I was never a forgiving type. Wrong me once and I'm coming after you. Man could I hold a grudge. There was no room for error with me. My husband can tell you! What a bitter person I was. It took my 7 years to move on from the boy who tried to rape me in high school. Although it will never alright what he did to me, I no longer carry that weight on my shoulders. Yes, it happened, but it can't eat at me anymore and I'm not a victim. It was like a disease, eating up all my joy and happiness. Letting that go was a breath of fresh air. I no longer hold grudges or invest much energy in hate and anger. It serves me poorly and makes me ride like shit. There's no room for that kind of attitude in this temple of love. Sometimes it's hard, but I don't want to get to the end of my life and have regrets. You only get this one life. 
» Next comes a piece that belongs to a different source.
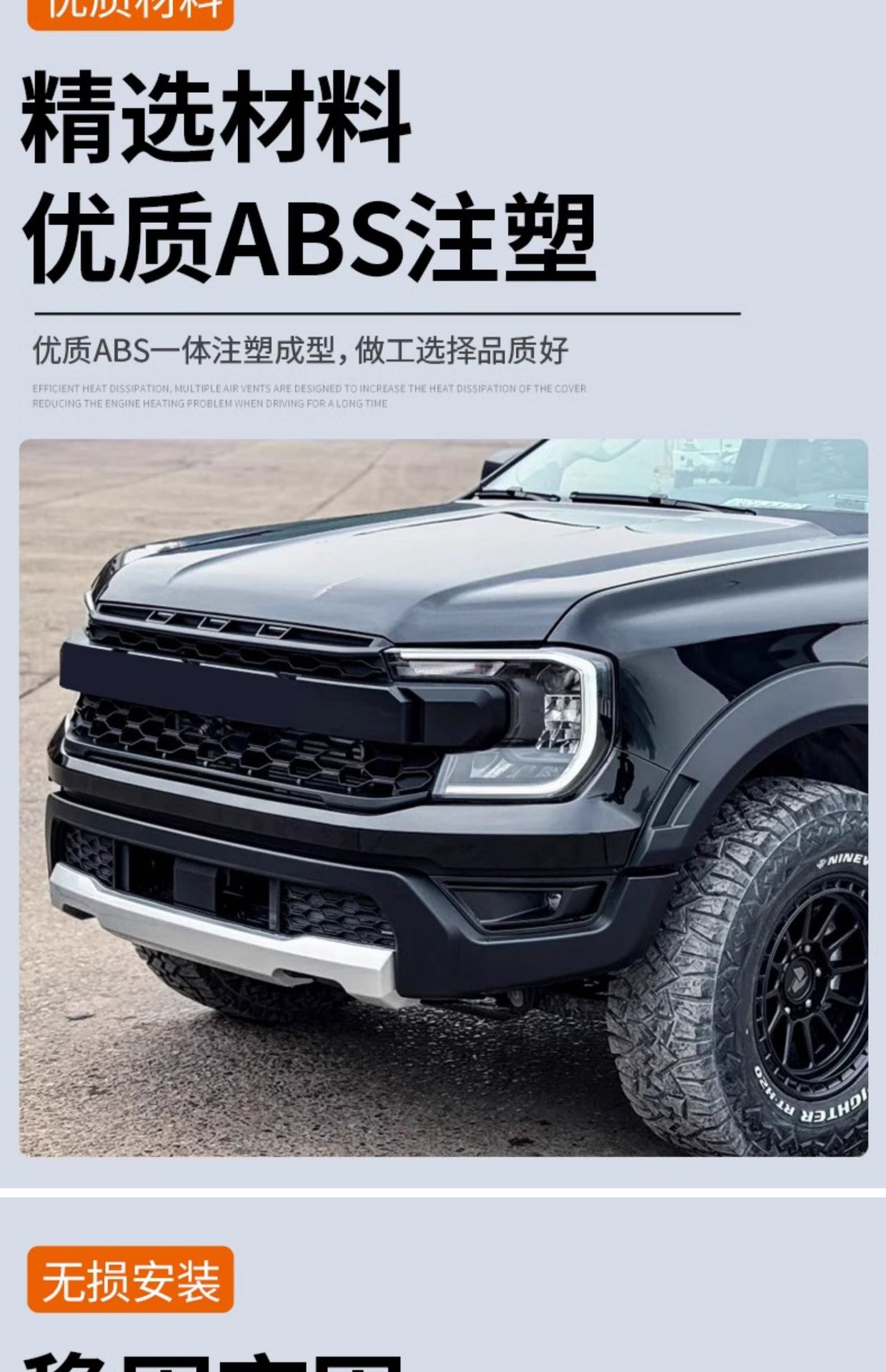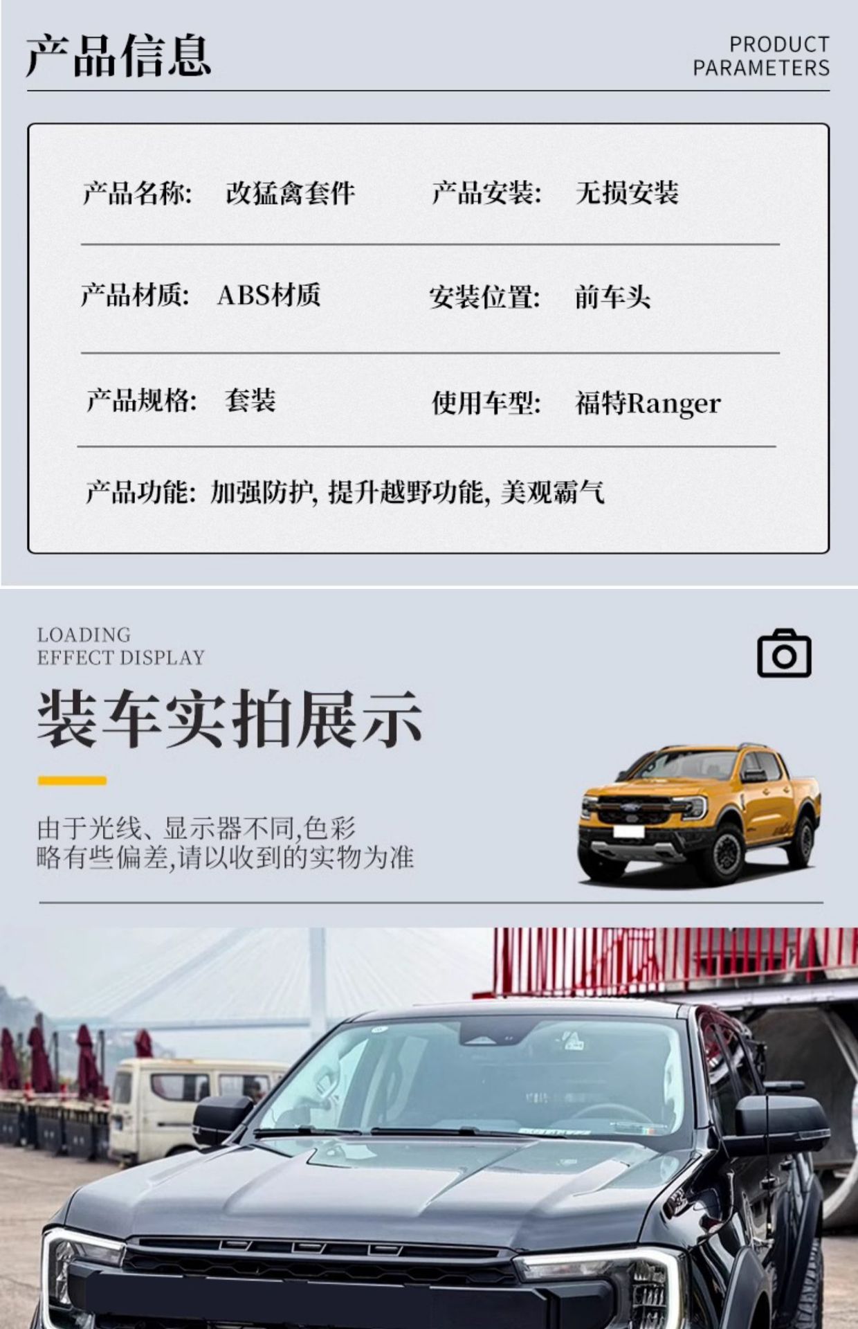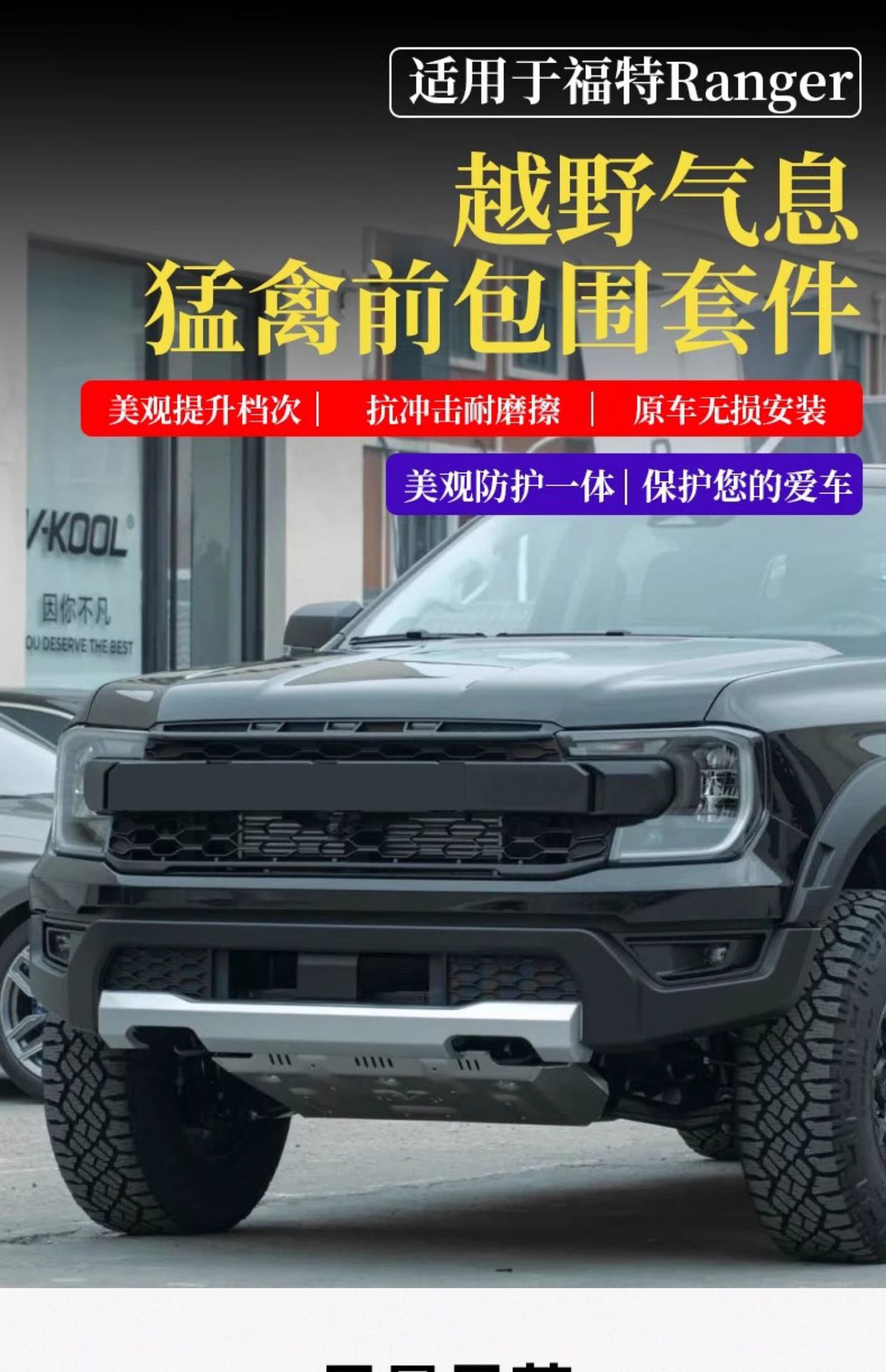 - Complete Raptor conversion kit designed specifically for the Ford Ranger to enhance off-road aesthetics.

And of course Hail coming into my life has turned things around for me. I tend to silently wallow after many things go south in my life and drink wine to cover those problems. My self esteem was in the trash this spring. I had no faith in me and that's actually always been a thing for me. I never think I deserve to ride or have the horses I do have or that it serves me right to lose them. As a coach I would self doubt and used to throw up before I gave lessons. I would be up all night before teaching cold sweats and having panic attacks. I would worry people weren't getting anything out of it or that I had no idea what I was doing. A video montage of all my mistakes would run rampant through me head. It took me months of teaching day after day to stop making myself ill, stressing. That and giving successful lessons. But ME as the coach knowing they were good, not because someone told me. Because let's be real-you don't get gold stars in this industry. More so though because happiness comes from within. It doesn't grow on trees or come in the mail. Although it can come in the form of adorable bay ponies. I've had to dig deep to find that confidence and Hail is slowly helping me find it. I mean we did just win beginner novice-watch out world!

So looking back, I can see how much I've grown this year. Like rings on a tree, you can tell which years are more feast and which are famine. This one is feast for me because I'm choosing to lead it that way. I regret not working on me sooner and I'm grateful for the friends I did have in college. You all were patient people and you must have seen the diamond in my rough exterior. And for that, I'm eternally grateful. I suppose my road will always be under construction, but this year I've really laid down some new pavement. I chiseled some new good habits in my give no shits personality and I think I'm becoming someone 13 year old me would be proud of. At least I hope so. Until I know for sure though, there's construction ahead.